In this article, we are going to learn about the Kernel in Operating System. We will discuss what a kernel is, what role it plays inside an Operating System and what are its different functions? Also, we will define all of its functions in detail.
Submitted by Monika Sharma, on June 29, 2019

A Kernel is the central component of an Operating System. The Kernel is also said to be the heart of the Operating System. It is responsible for managing all the processes, memory, files, etc. The Kernel functions at the lowest level of the Operating System. It acts as an interface (bridge) between the user-level application (software) and the hardware. Therefore, the communication between the software and the hardware is done via the Kernel.

kernel in OS

The main functions that the Kernel performs are as follows:

  1. Process Management
  2. Memory Management
  3. Device Management
  4. Interrupt Handling
  5. Input Output Communication

Now let us understand these functions of Kernel...

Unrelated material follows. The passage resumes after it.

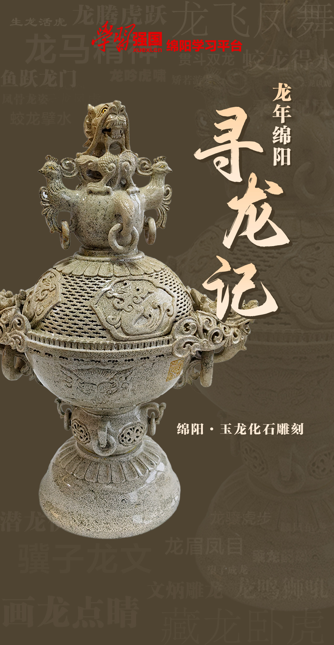 編者按:古老的東方有一條龍,它的名字就叫中國(guó)。古老的東方有一群人,他們?nèi)际驱埖膫魅?hellip;…龍,氣宇軒昂,是中華民族的吉祥圖騰,也是中華民族精氣神的象征,更是凝聚中華民族情感的媒介。綿陽(yáng),建城兩千多年來(lái),綿延不息,蓬勃向陽(yáng),龍的傳人的自信與勇氣滿滿。這里有李白、歐陽(yáng)修的筆走龍蛇,更有“兩彈一星”的龍?bào)J虎步,還有歷經(jīng)千年沉淀下來(lái)的龍文化!“學(xué)習(xí)強(qiáng)國(guó)”綿陽(yáng)學(xué)習(xí)平臺(tái)推出《龍年綿陽(yáng)“尋龍記”》專欄,一起來(lái)尋龍!愿你龍行龘龘,前程?hào)T朤!

Functions of the Kernel in Operating System

1) Process Management

The creation, execution, and termination of processes keep on going inside the system whenever a system is in the ON mode. A process contains all the information about the task that needs to be done. So, for executing any task, a process is created inside the systems. At a time, there are many processes which are in live state inside the system. The management of all these processes is very important to avoid deadlocks and for the proper functioning of the system, and it is handled by the Kernel.

2) Memory management

Whenever a process is created and executed, it occupies memory, and when it gets terminated, the memory can be used again. But the memory should be handled by someone so that the released memory can be assigned again to the new processes. This task is also done by the Kernel. The kernel keeps track about which part of the memory is currently allocated and which part is available for being allocated to the other processes.

3) Device Management

The Kernel also manages all the different devices which are connected to the system, like the Input and Output devices, etc.

4) Interrupt Handling

While executing the processes, there are conditions where tasks with more priority need to be handled first. In these cases, the kernel has to interrupt in-between the execution of the current process and handle tasks with more priority which has arrived in between.

5) I/O Communication

As the Kernel manages all the devices connected to it, so it is also responsible for handling all sorts of input and output that is exchanged through these devices. So, all the information that the system receives from the user and all the output that the user is provided with via different applications is handled by the Kernel.